The City of LA’s Crime Data from 2010 to Present draws information from crime reports of the Los Angeles Police Department to form this dataset. The ontology of this dataset is made up of 26 categories of detailed information for each incident.
The dataset starts with the “DR Number”: the Division of Records Number that assigns a unique number to each case for reference. The next three categories contain the date reported, the date occurred, and time occurred. After organizing the time of the occurrence, the dataset details the location with the Area ID, Area Name, and Reporting District. Next follows the Crime Code and Crime Code Description that detail the event taking place along with monetary value if applicable. Next follows a MO Code(Modus Operandi), a number that details crimes associated with the suspect. The following categories detail the chilling information of the victim including their Victim Age, Victim Sex, and Victim Descent. The Premise Code assigns a number to the crime’s location or vehicle along with a Premise Description detailing the location. Next the Weapon Code and Weapon Description detail the type of weapon used. The next few categories include the Status Code and Status Description that describe the status of the case as well as the seriousness of the Crime in Crime 1,2,3,4. Address, Cross Street, and Location columns give a more specific location and coordinates of the crime.
This dataset is most useful to the police and legal officials in Los Angeles to make sense of the crime reports that occur over the city. They can use this information to spot trends in heavy crime areas or certain targeted areas and act accordingly. This dataset includes very detailed reports of every crime which calms me knowing that these records are being kept in the city that I live in. The information shows exact locations of incidents as well as details of the crime and the seriousness of each. Although this data is very detailed, one aspect that is left out is the background of the criminal. Details of the crime including motivation, physical appearance, public status, previous crime history could create a completely new dataset and spark even more humanities questions.

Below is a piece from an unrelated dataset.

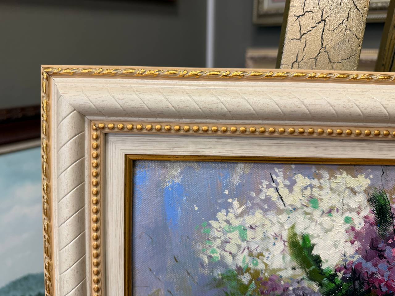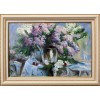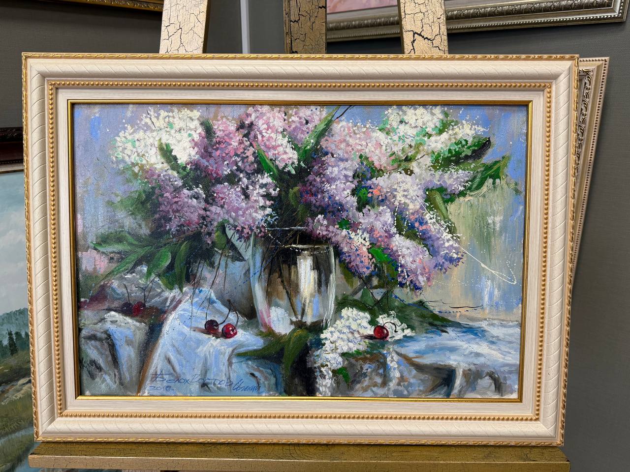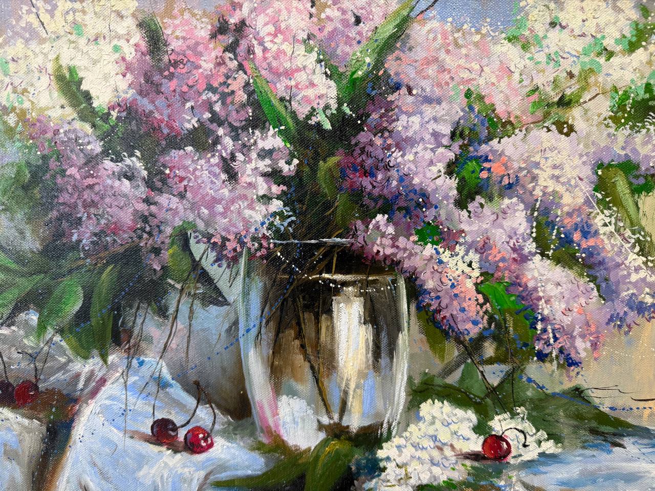 Картина написана маслом на холсте, цветы "Сирень и вишня".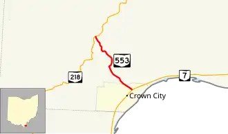 State Route 553 (SR 553) is a north–south state highway in the southern portion of the U.S. state of Ohio. SR 553 has its southern terminus at a T-intersection with SR 7 in Crown City. The route's northern terminus is at SR 218 approximately two miles (3.2 km) northwest of Crown City.

If I started this dataset over, instead of viewing this information from the point of view of the police, I could reorganize the information in the point of view of an economist. In this view, I could focus specifically on the damage done by every crime and see how these crimes affect the revenue of these businesses, and if they reflect on the value of property in the areas.
Great start! So if you were an economist, what specific content types would you need?
Your report was really helpful and explanatory in breaking down the meanings of the categories rather than just listing them. Interesting to think about the data from an economists point of view also!